| Work request |
Print verbatim the lines from the beginning of the entries through the line containing "除了产品差异化,线上线下不同", both ends included. Pictures should be left out.

===== Supplied material

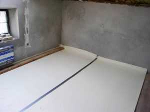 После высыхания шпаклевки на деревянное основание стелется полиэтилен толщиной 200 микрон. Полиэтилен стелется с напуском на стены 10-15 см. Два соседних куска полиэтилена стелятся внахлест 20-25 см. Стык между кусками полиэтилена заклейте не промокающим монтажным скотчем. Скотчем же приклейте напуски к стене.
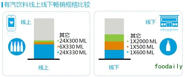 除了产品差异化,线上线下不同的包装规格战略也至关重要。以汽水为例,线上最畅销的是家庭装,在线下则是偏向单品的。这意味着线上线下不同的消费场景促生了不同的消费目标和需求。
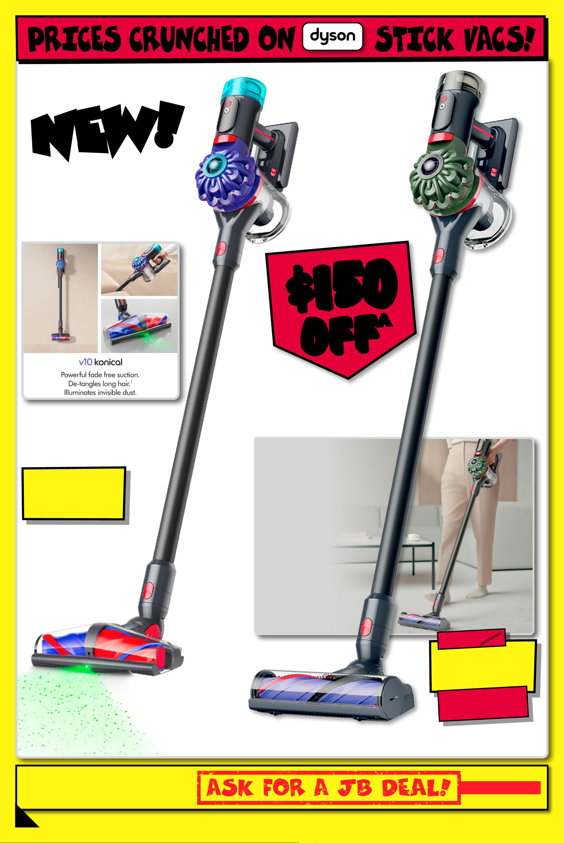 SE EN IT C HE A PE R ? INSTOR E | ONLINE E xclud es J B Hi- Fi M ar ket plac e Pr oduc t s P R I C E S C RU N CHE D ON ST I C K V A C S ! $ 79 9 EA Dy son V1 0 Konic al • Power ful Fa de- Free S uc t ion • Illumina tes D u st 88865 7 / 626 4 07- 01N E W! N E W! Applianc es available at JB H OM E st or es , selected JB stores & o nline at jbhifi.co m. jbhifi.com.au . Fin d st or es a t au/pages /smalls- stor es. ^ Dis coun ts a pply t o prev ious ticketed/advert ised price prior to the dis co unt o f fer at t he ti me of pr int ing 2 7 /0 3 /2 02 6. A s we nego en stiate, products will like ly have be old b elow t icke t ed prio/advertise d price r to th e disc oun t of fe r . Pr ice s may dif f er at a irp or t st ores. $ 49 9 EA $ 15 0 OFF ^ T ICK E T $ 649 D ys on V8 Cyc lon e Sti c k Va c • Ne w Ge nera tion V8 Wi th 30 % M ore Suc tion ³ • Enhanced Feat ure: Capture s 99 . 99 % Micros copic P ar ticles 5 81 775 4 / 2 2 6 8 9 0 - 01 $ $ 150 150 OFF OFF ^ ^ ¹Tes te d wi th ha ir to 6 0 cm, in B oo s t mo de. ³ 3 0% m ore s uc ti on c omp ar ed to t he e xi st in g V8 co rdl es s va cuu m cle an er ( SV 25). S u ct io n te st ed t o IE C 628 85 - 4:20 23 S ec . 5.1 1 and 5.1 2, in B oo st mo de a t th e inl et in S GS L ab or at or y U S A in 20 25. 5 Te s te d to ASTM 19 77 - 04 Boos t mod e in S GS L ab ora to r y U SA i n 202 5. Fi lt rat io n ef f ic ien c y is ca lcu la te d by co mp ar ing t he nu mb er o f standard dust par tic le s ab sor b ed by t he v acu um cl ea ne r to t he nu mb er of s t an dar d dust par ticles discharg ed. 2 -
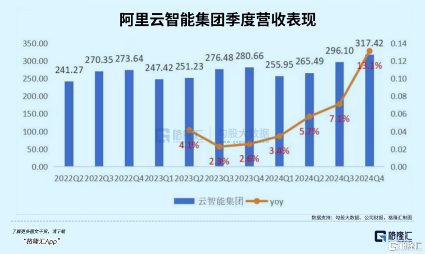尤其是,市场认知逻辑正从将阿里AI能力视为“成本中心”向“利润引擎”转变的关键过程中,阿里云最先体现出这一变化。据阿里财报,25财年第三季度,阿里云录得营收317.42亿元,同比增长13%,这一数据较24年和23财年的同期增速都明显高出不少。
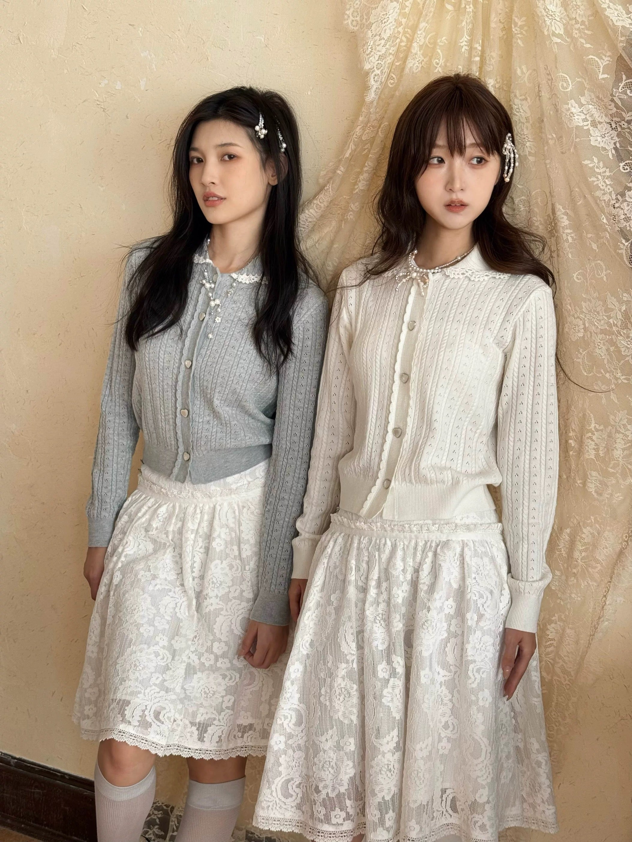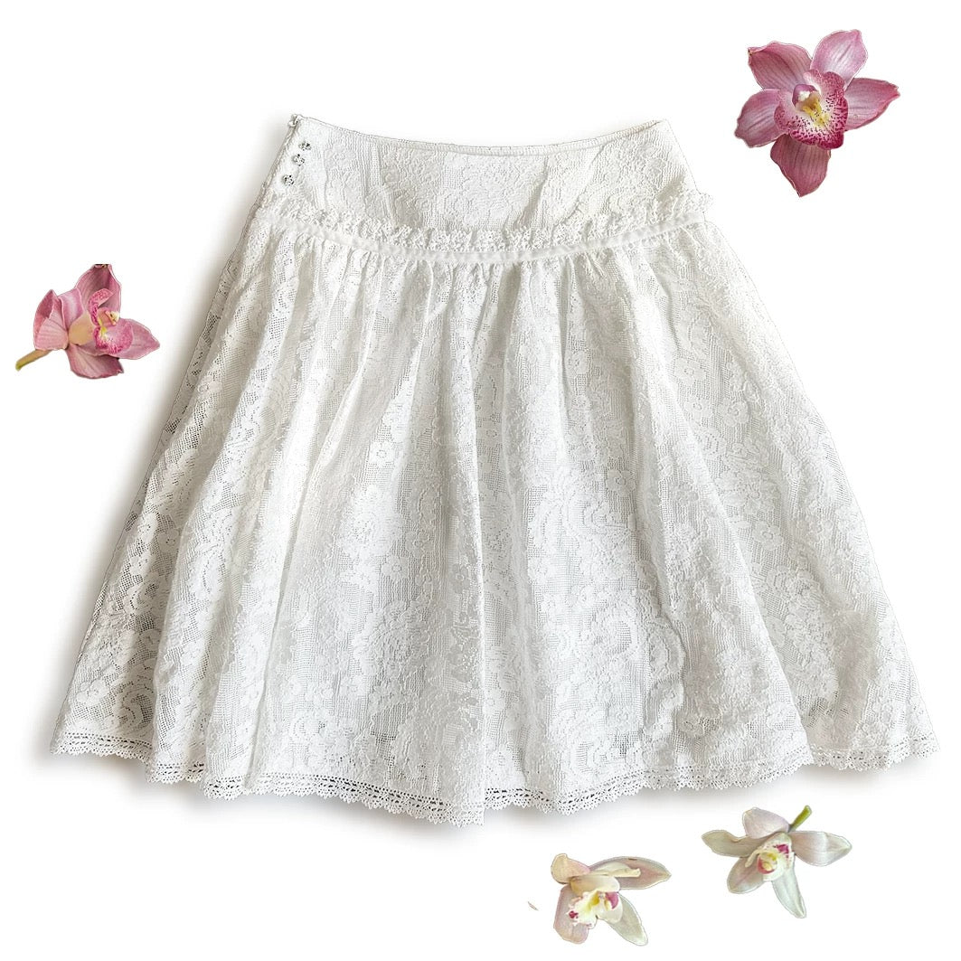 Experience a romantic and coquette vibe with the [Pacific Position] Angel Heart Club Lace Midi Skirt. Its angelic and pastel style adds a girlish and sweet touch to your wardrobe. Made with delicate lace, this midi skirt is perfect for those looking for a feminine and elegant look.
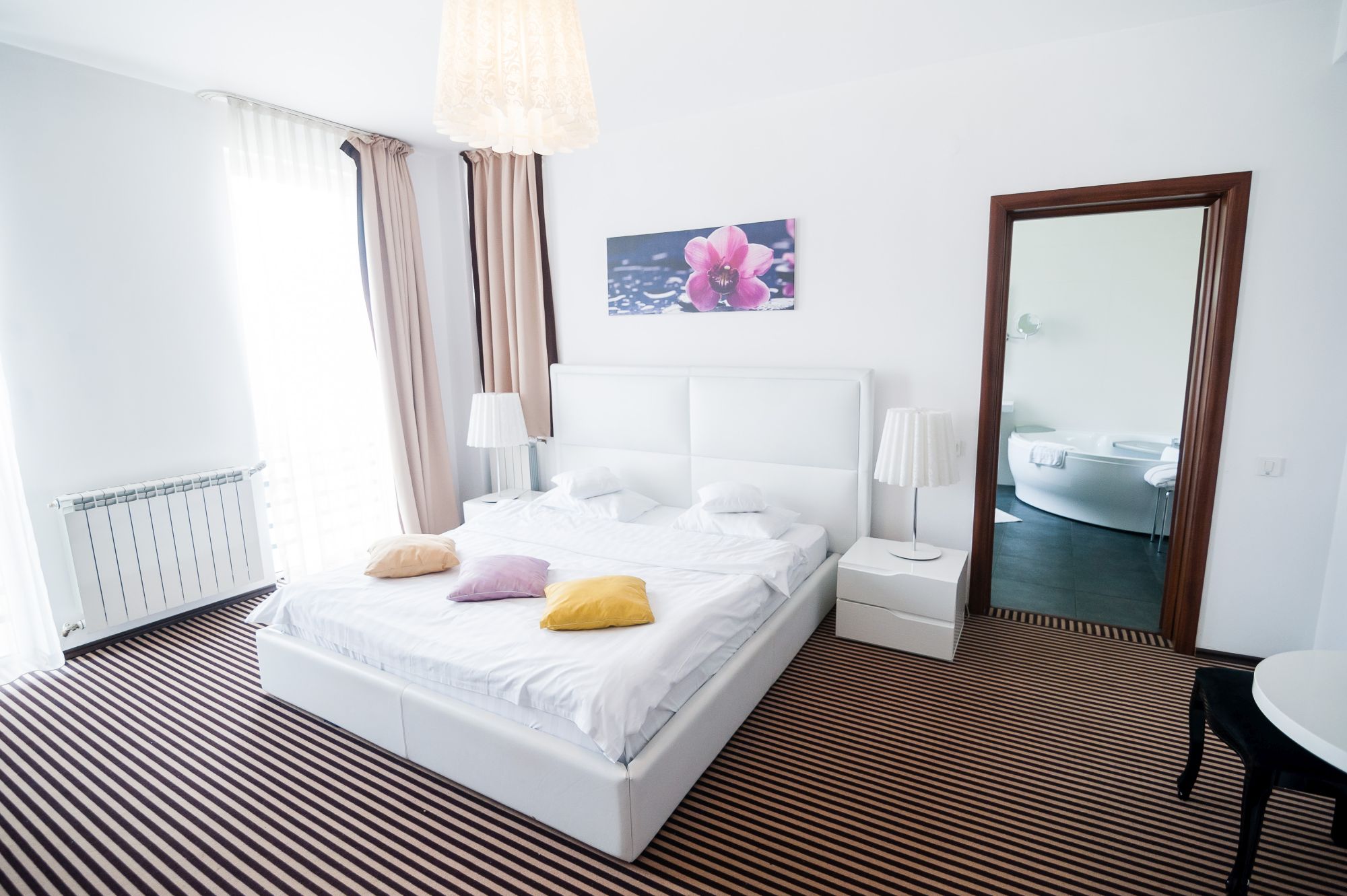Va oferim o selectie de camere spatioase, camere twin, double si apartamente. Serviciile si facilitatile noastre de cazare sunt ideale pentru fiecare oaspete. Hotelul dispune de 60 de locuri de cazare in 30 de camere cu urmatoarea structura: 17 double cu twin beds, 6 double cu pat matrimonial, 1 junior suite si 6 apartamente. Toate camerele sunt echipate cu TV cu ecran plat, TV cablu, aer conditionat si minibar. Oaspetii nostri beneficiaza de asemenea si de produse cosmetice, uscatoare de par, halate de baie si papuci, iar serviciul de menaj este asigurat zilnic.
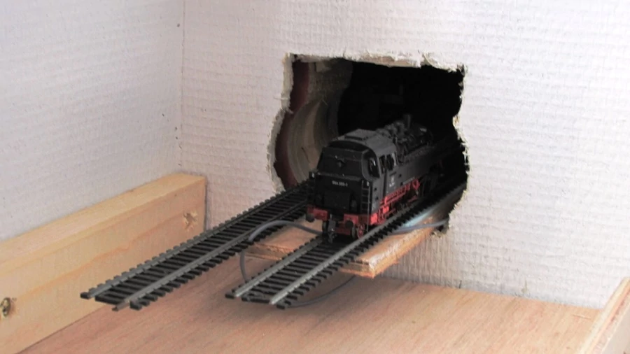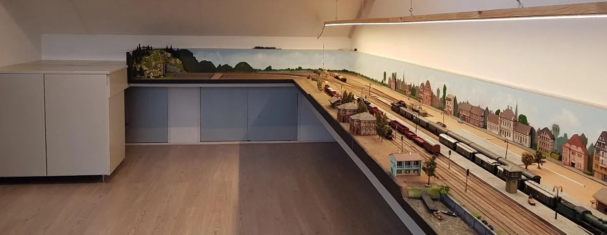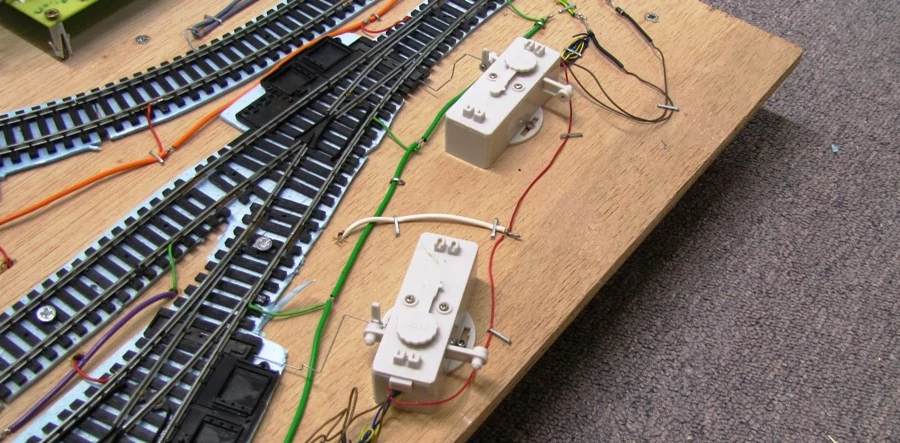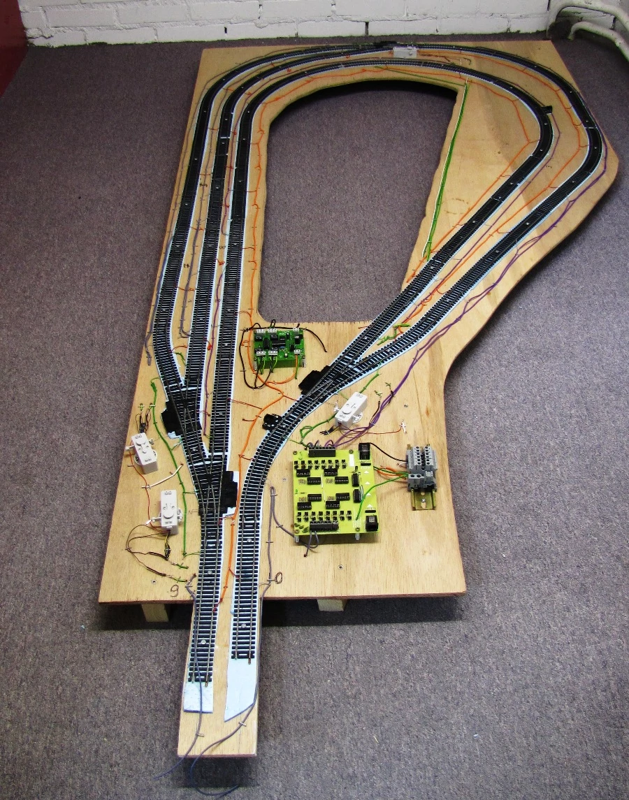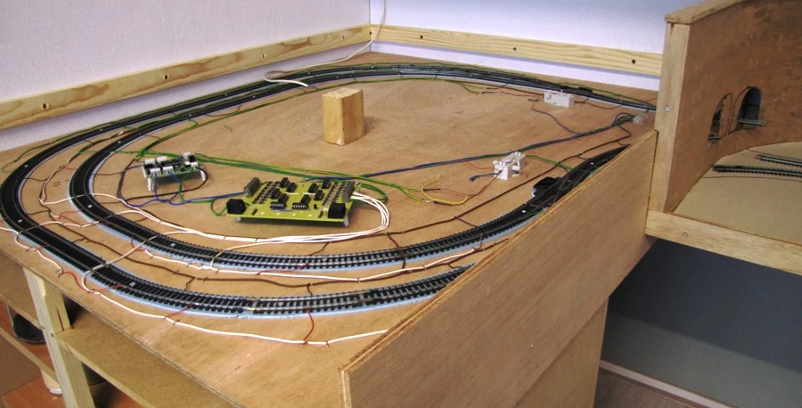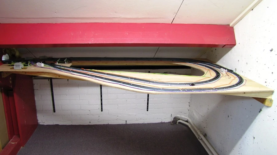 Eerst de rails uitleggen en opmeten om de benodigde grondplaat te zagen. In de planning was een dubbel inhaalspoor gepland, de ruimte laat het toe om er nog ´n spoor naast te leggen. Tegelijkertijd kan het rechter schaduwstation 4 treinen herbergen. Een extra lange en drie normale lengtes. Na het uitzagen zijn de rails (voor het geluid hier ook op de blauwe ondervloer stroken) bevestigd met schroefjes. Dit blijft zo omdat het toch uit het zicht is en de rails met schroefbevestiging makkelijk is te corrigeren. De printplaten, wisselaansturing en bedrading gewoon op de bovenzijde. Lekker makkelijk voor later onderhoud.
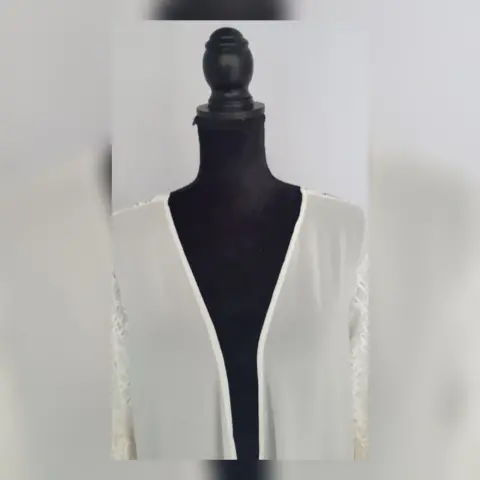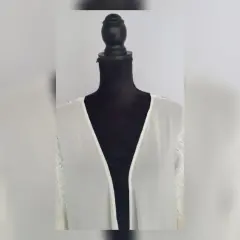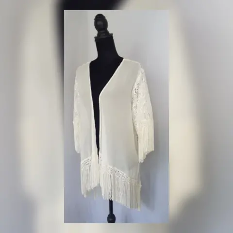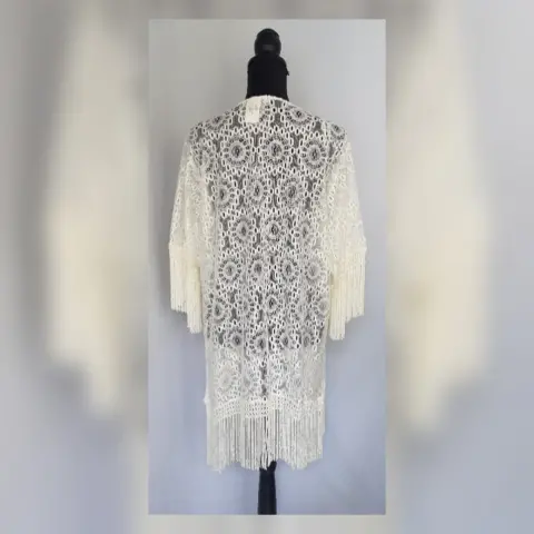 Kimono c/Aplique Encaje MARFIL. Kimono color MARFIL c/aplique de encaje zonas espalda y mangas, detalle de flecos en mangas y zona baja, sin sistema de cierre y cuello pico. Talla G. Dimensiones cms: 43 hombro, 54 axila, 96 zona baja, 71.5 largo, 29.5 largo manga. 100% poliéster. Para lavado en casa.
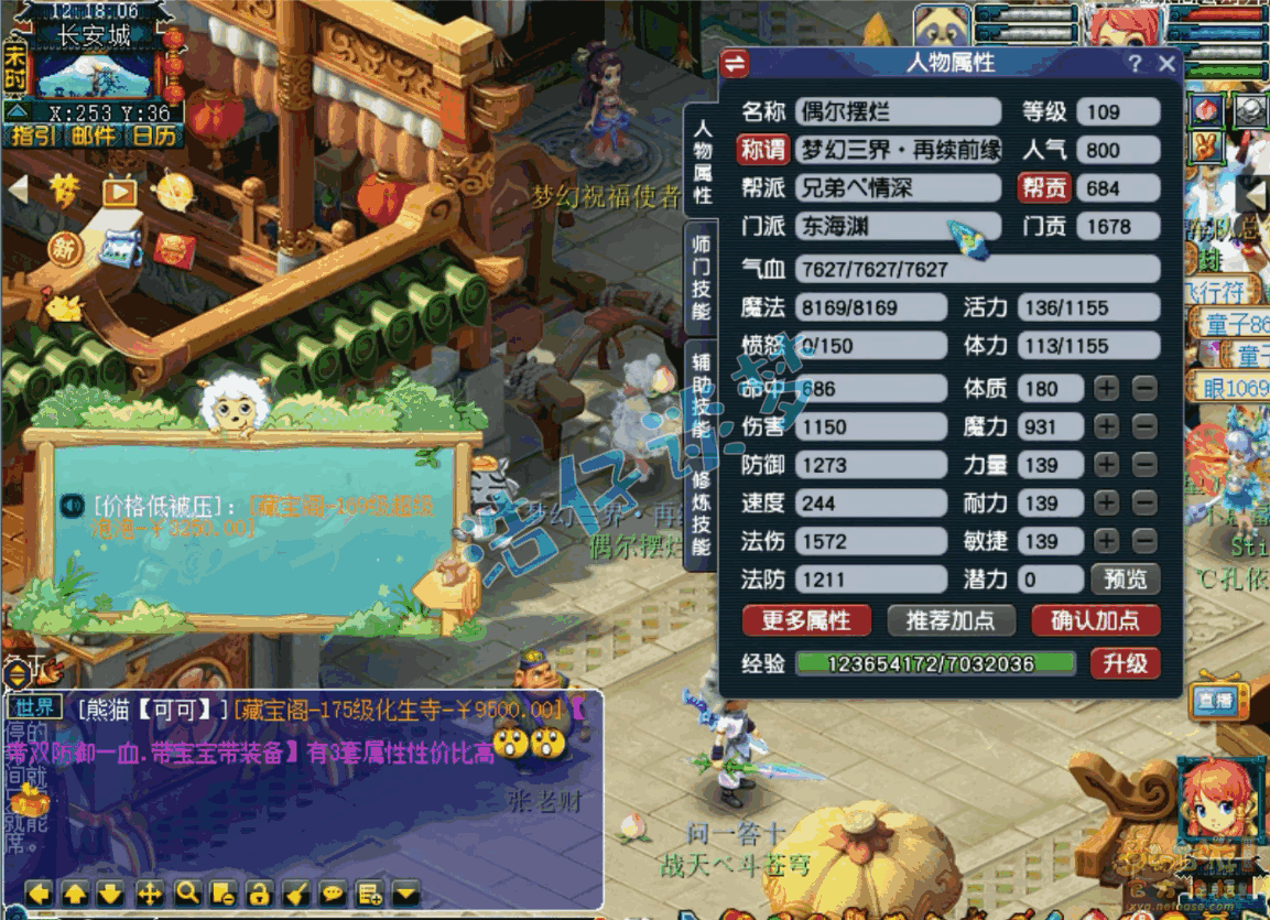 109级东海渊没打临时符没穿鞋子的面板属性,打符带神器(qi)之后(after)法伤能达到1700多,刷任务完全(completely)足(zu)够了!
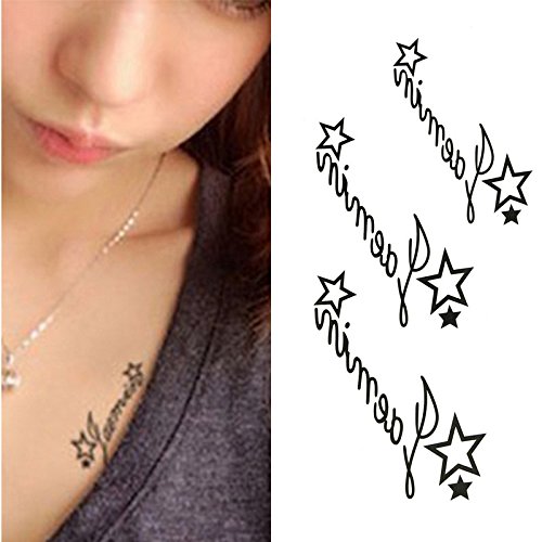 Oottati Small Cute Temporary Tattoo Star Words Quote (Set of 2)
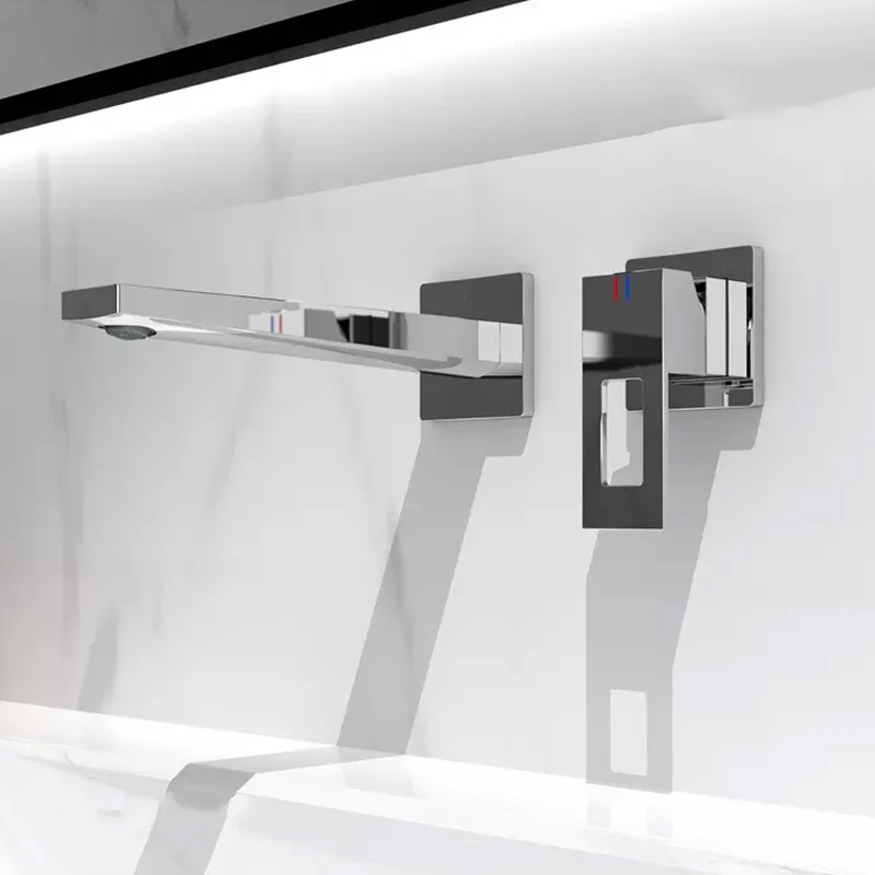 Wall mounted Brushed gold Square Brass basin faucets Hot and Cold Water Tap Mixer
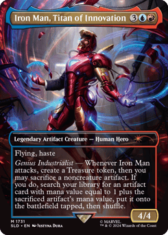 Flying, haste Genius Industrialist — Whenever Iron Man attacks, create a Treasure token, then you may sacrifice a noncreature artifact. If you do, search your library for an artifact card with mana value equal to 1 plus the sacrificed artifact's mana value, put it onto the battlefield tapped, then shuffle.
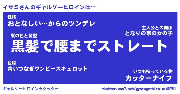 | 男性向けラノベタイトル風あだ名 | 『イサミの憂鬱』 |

==========

| Response |
 После высыхания шпаклевки на деревянное основание стелется полиэтилен толщиной 200 микрон. Полиэтилен стелется с напуском на стены 10-15 см. Два соседних куска полиэтилена стелятся внахлест 20-25 см. Стык между кусками полиэтилена заклейте не промокающим монтажным скотчем. Скотчем же приклейте напуски к стене.
 除了产品差异化,线上线下不同的包装规格战略也至关重要。以汽水为例,线上最畅销的是家庭装,在线下则是偏向单品的。这意味着线上线下不同的消费场景促生了不同的消费目标和需求。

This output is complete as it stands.